What you are asked to do = Each line below must be set down exactly; omit any image you find.

Collected data =
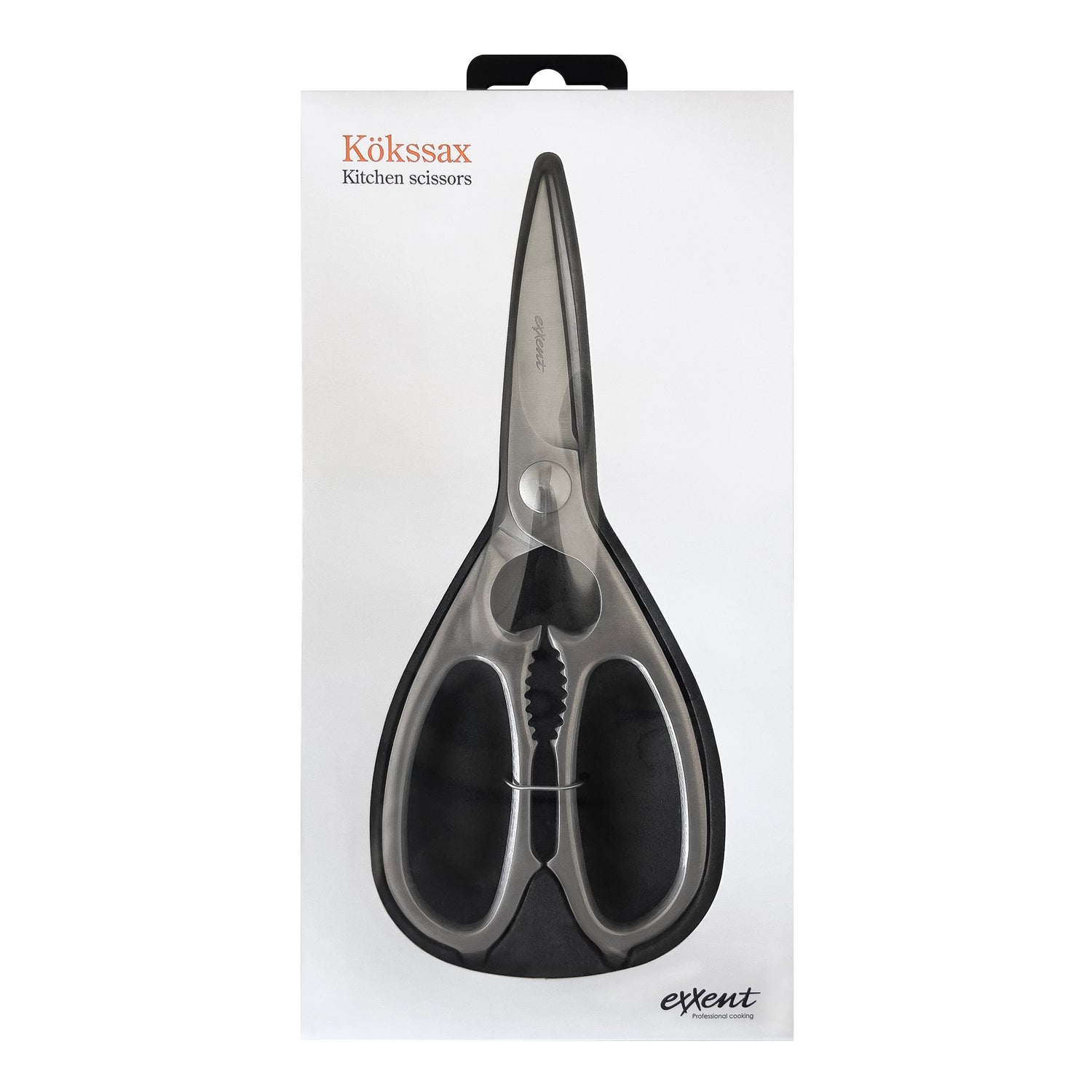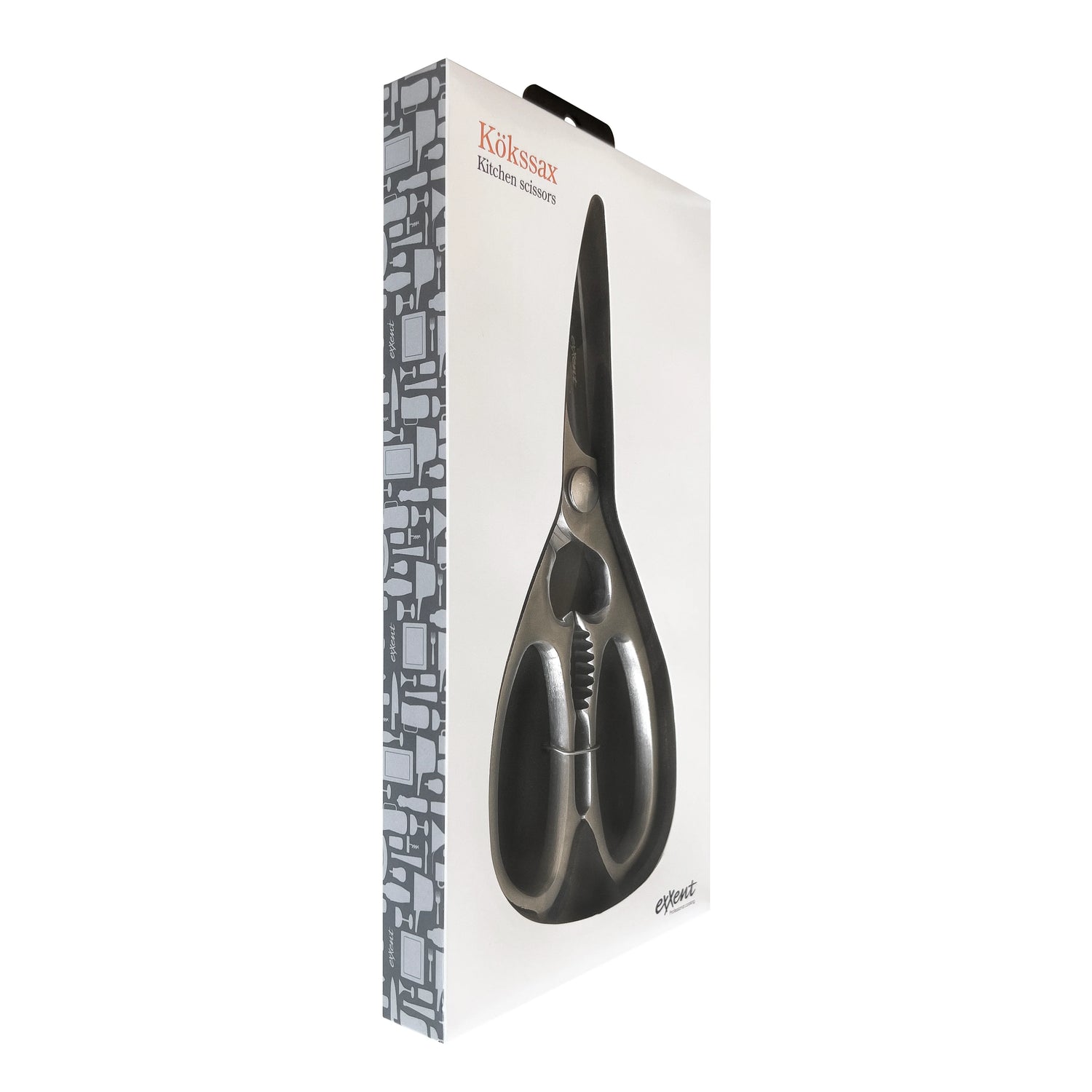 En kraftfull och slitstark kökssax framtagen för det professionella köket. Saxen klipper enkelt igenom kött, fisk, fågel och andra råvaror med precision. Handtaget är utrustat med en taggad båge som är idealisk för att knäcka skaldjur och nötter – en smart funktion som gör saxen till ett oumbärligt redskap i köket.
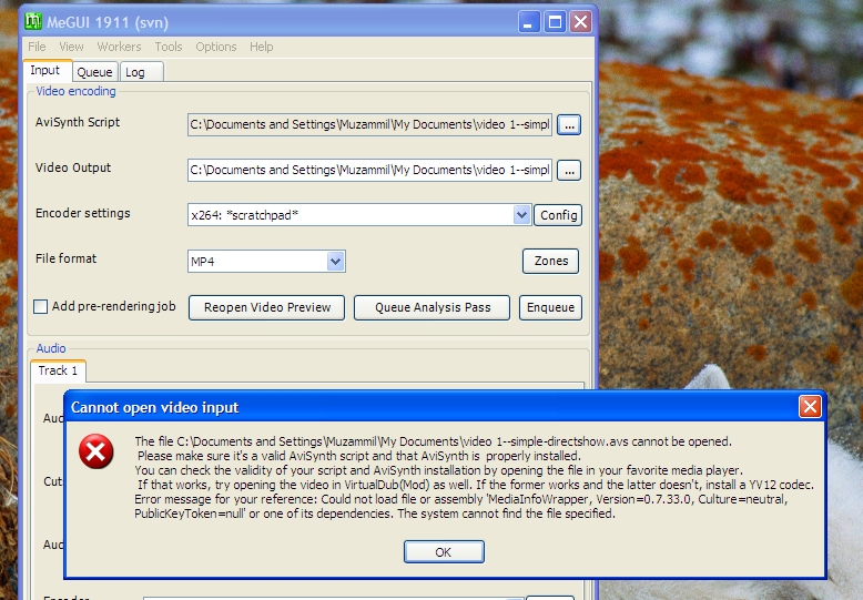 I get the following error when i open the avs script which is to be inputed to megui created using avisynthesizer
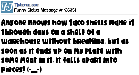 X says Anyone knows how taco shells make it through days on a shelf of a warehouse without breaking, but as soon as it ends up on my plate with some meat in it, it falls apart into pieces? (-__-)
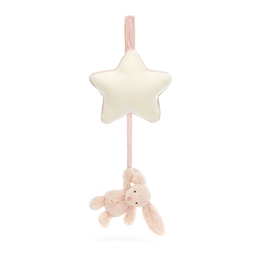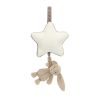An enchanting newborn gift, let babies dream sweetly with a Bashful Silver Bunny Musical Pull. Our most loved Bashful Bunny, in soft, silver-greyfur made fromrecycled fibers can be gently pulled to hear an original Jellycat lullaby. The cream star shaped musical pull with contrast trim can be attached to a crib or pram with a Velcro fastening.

Task output =
 En kraftfull och slitstark kökssax framtagen för det professionella köket. Saxen klipper enkelt igenom kött, fisk, fågel och andra råvaror med precision. Handtaget är utrustat med en taggad båge som är idealisk för att knäcka skaldjur och nötter – en smart funktion som gör saxen till ett oumbärligt redskap i köket.
 I get the following error when i open the avs script which is to be inputed to megui created using avisynthesizer
 X says Anyone knows how taco shells make it through days on a shelf of a warehouse without breaking, but as soon as it ends up on my plate with some meat in it, it falls apart into pieces? (-__-)
An enchanting newborn gift, let babies dream sweetly with a Bashful Silver Bunny Musical Pull. Our most loved Bashful Bunny, in soft, silver-greyfur made fromrecycled fibers can be gently pulled to hear an original Jellycat lullaby. The cream star shaped musical pull with contrast trim can be attached to a crib or pram with a Velcro fastening.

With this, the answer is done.